_EXERCISE INSTRUCTIONS_
From the first line to the last, copy the material exactly and leave the pictures out.

-- GIVEN DATA follows --

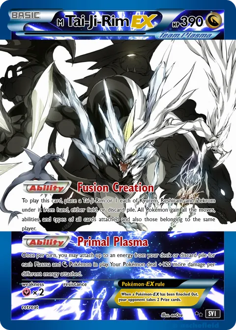 To play this card, place a Tai-Ji-Rim or 1 each of Kyurem, Reshiram, and Zekrom under it from hand, either field, or discard pile. All Pokémon gain all the moves, abilities, and types of all cards attached and also those belonging to the same player.Ability: Primal Plasma
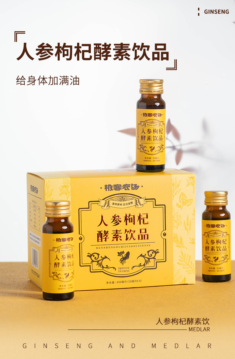 人参枸杞元气酵素饮| 饮用时间:上午,13种草本,180天发酵而成,有利于人体吸收,不上火50ML*8。⭐️顺丰快递
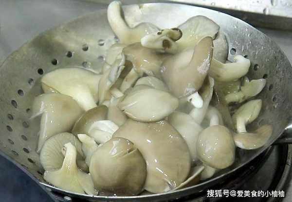 锅内烧水,加入少许食盐和鸡粉入底味,放入一点植物油,防止平菇中的营养成分流失,水烧开以后把平菇放入锅中,焯水1分钟左右,平菇变软以后倒出,快速过一下凉水控水备用。
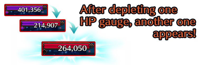* Only one HP gauge can be depleted per turn. Overgauge damage will not be carried over to the next HP gauge.

-- GIVEN DATA concluded --

_REPLY_
 To play this card, place a Tai-Ji-Rim or 1 each of Kyurem, Reshiram, and Zekrom under it from hand, either field, or discard pile. All Pokémon gain all the moves, abilities, and types of all cards attached and also those belonging to the same player.Ability: Primal Plasma
 人参枸杞元气酵素饮| 饮用时间:上午,13种草本,180天发酵而成,有利于人体吸收,不上火50ML*8。⭐️顺丰快递
 锅内烧水,加入少许食盐和鸡粉入底味,放入一点植物油,防止平菇中的营养成分流失,水烧开以后把平菇放入锅中,焯水1分钟左右,平菇变软以后倒出,快速过一下凉水控水备用。
* Only one HP gauge can be depleted per turn. Overgauge damage will not be carried over to the next HP gauge.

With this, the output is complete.